As you can see, in this scenario the CFG, OCR, and IMG objects are created only once, and library initialization is called only once, too. In both scenarios, the objects hierarchy will be the same:

Hierarchy

By default, an OCR object can use several CPU cores (the option "Main/ NumKernels"), so every image can be processed faster on a multi-core CPU. However, as some OCR algorithms cannot be parallelized, the CPU will not be utilized completely. If you have many images and need to process them as fast as possible, the best way is to process several images at once, using one thread per image. In this case, you should do the following:

  1. Initialize the library: Engine_Initialize.
  2. Create a CFG object and load the configuration file: Cfg_Create, Cfg_LoadOptions.
  3. Call the Cfg_SetOption function to setthe option "Main/NumKernels" to "1", in order to force each OCR object to use only one thread during the OCR process. In case of a .NET language, also make sure that your .NET application has "[MTAThread]" option to allow correctly using the NSOCR COM object from multiple threads.
  4. Create several threads in your application, ideally as many as the number of CPU cores.
  5. In every thread, create an OCR object: Ocr_Create.
  6. In every thread, create an IMG object: Img_Create.
  7. In every thread, load an image for OCR: Img_LoadFile (or different function).
  8. In every thread, create one or more BLK objects to define areas for OCR: Img_AddBlock. (Skip this step if you want to perform auto-zoning for entire image and create BLK objects automatically.)
  9. In every thread, call the Img_OCR function to perform OCR, and then get results by using the Img_GetImgText function (or a different function).
  10. In every thread, go to step 5 to load the next image.
  11. Release all created objects and uninitialize the library: Img_Destroy, Ocr_Destroy, Cfg_Destroy, Engine_Uninitialize.

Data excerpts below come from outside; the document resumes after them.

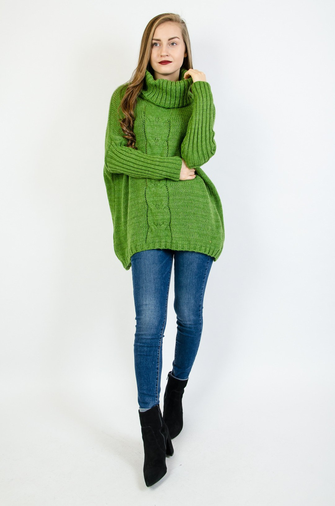 Zielony asymetryczny sweter typu nietoperz z golfem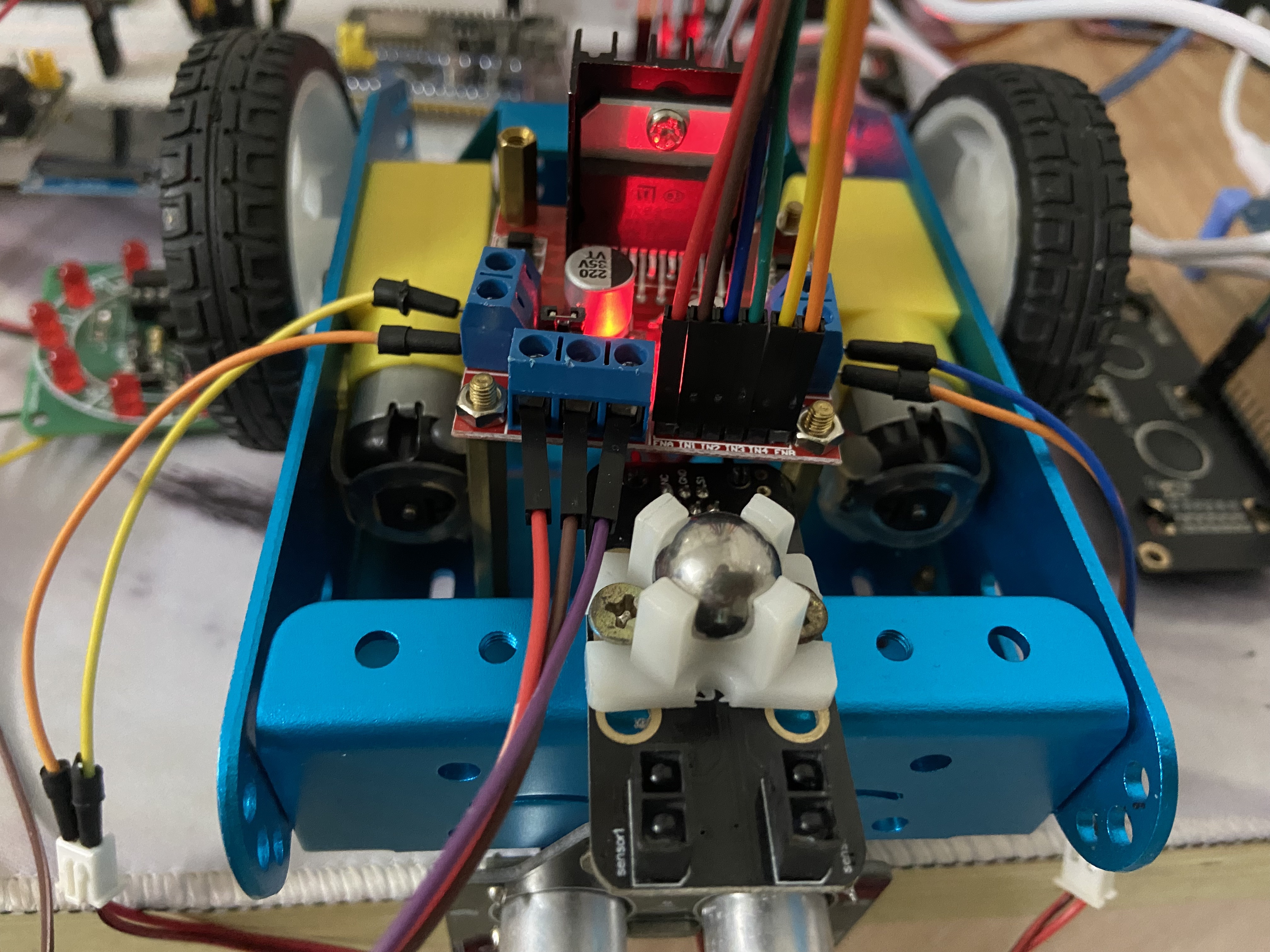 Arduino 的9,10分别接L298N的ENA,ENB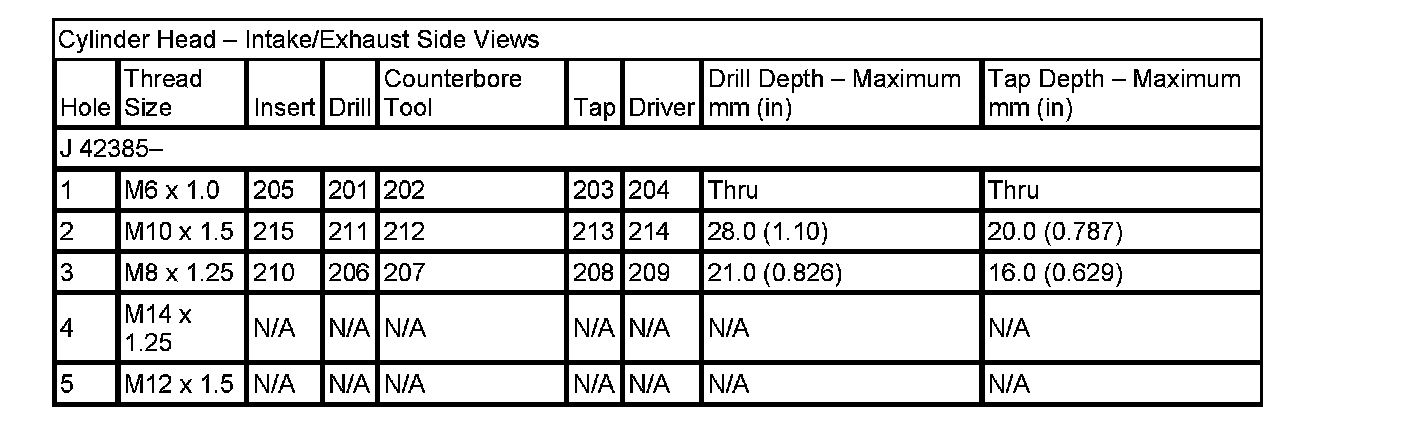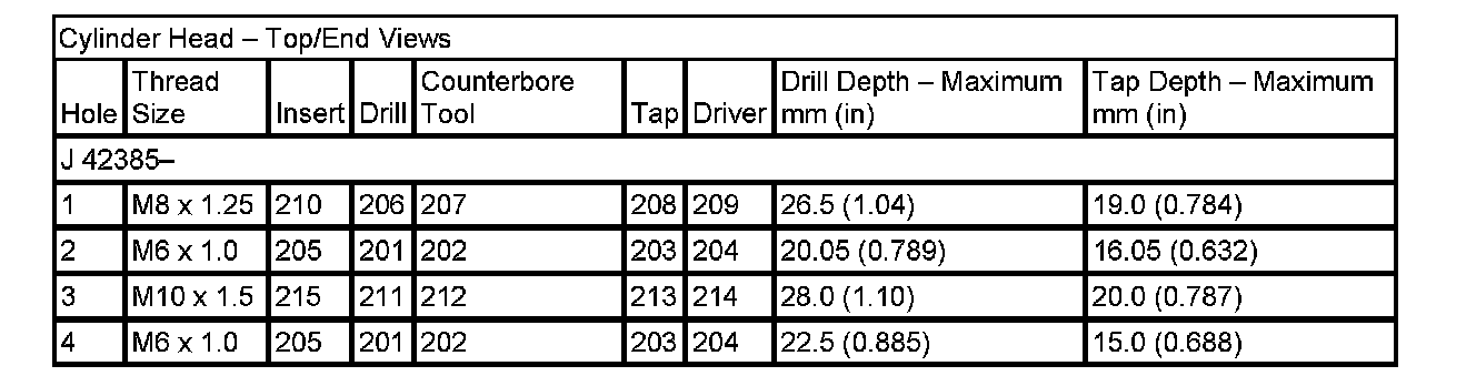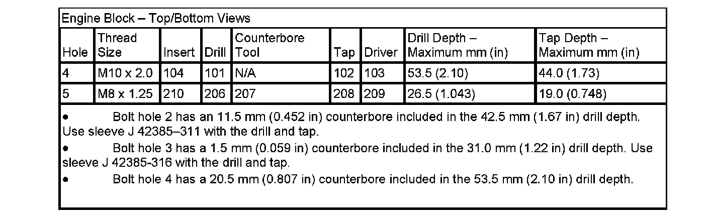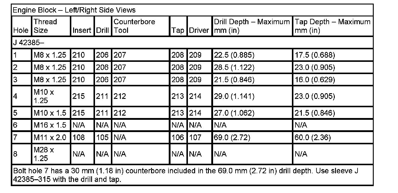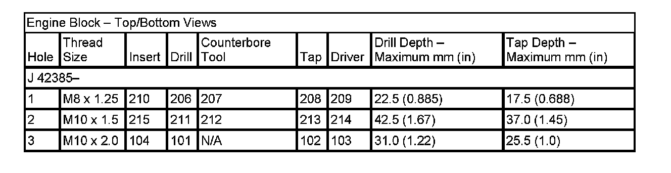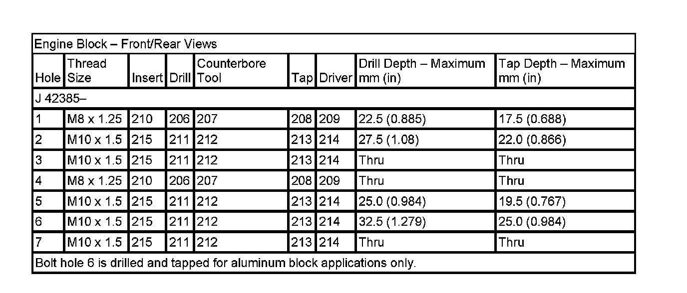 Thread Repair SpecificationsEngine Block - Front/Rear Views: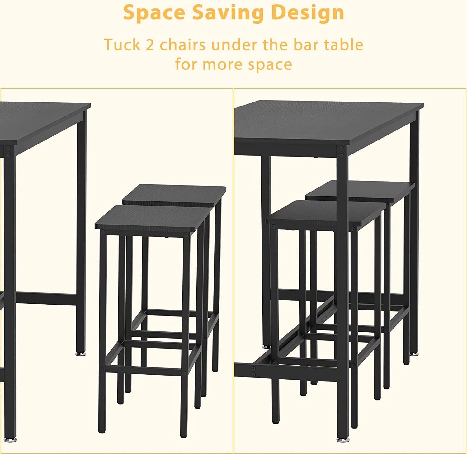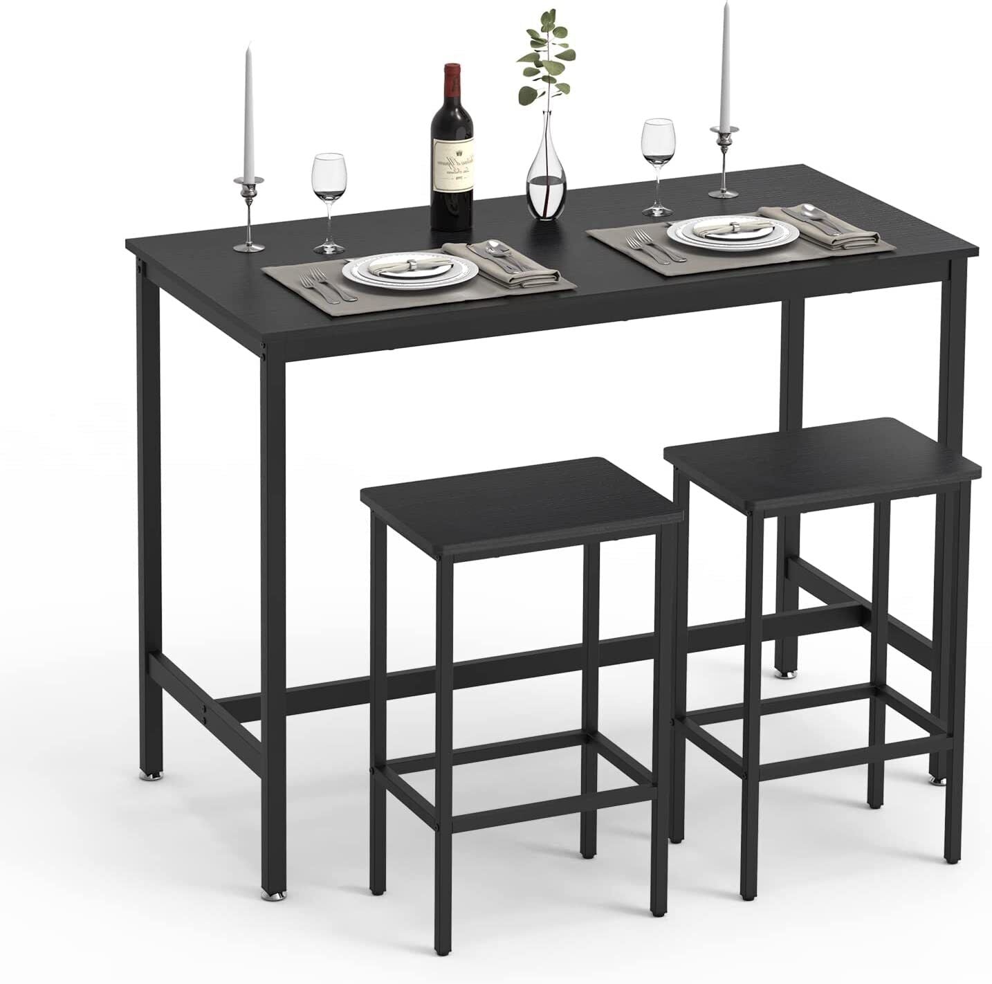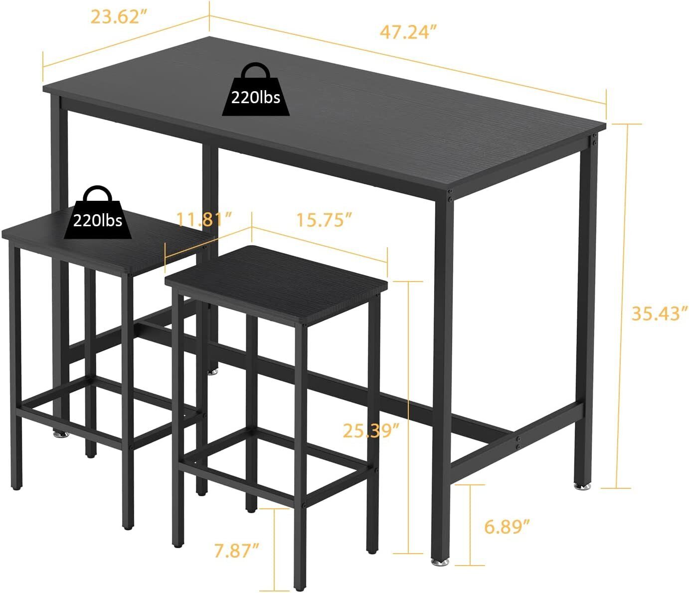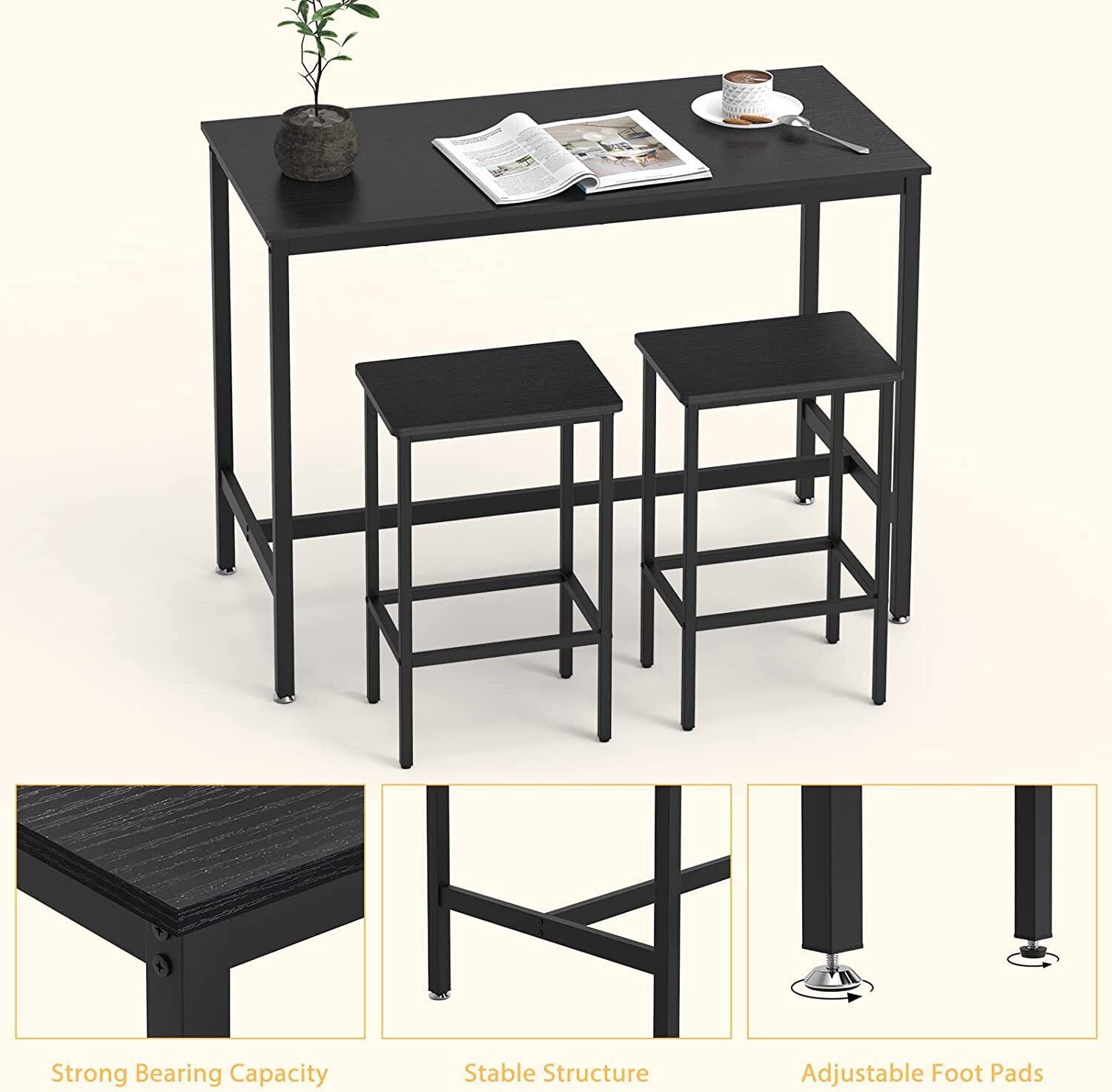 3-Piece Breakfast Table Set, Counter Height Dining Bar Table And 2 Chairs, Black

In this scenario, the objects hierarchy looks like this:

Hierarchy

Note: This approach requires more memory as several images are processed at the same time. You can get the ERROR_NOMEMORY error if NSOCR cannot allocate enough memory when simultaneously processing many big images (especially in x86 applications).

Tips for developers:

  • When using the NSOCR library as a COM object, do not create several instances of NSOCRLib. Only one instance of the NSOCR library can be created.
  • Do not initialize NSOCR multiple times. Initialization of the library must be performed only once during your application life, do not initialize it before every image. In other words, make sure you call the "Engine_Initialize" function only once, even if you process a lot of images, use multiple threads, etc.
  • Do not create several CFG objects if you do not need them. Even if you create multiple OCR objects, you can specify the same CFG object for them. Several CFG objects are necessary only if you need to have different settings for different OCR objects.
  • Do not create several OCR objects if your application has only one thread. Multiple OCR objects are necessary only if you need to process multiple images at once. If you process images one by one, you do not need to create multiple OCR objects; create one OCR object and use it for all images.
  • Do not create multiple IMG objects if you have only one OCR object and do not need to have several images loaded.
  • Do not forget to release objects. Every XXX_Create function returns an object handle, which is an integer. When you create the first object, the handle will be 1; then the XXX_Create function will return 2, etc. There is a simple way to check if you have forgotten to release the objects: Just check the object handles while your application is working. Too high values (say, more than 100) mean that you need to check the code. Otherwise the number of objects will continue to grow, and after a while you will get the ERROR_TOOMANYOBJECTS error.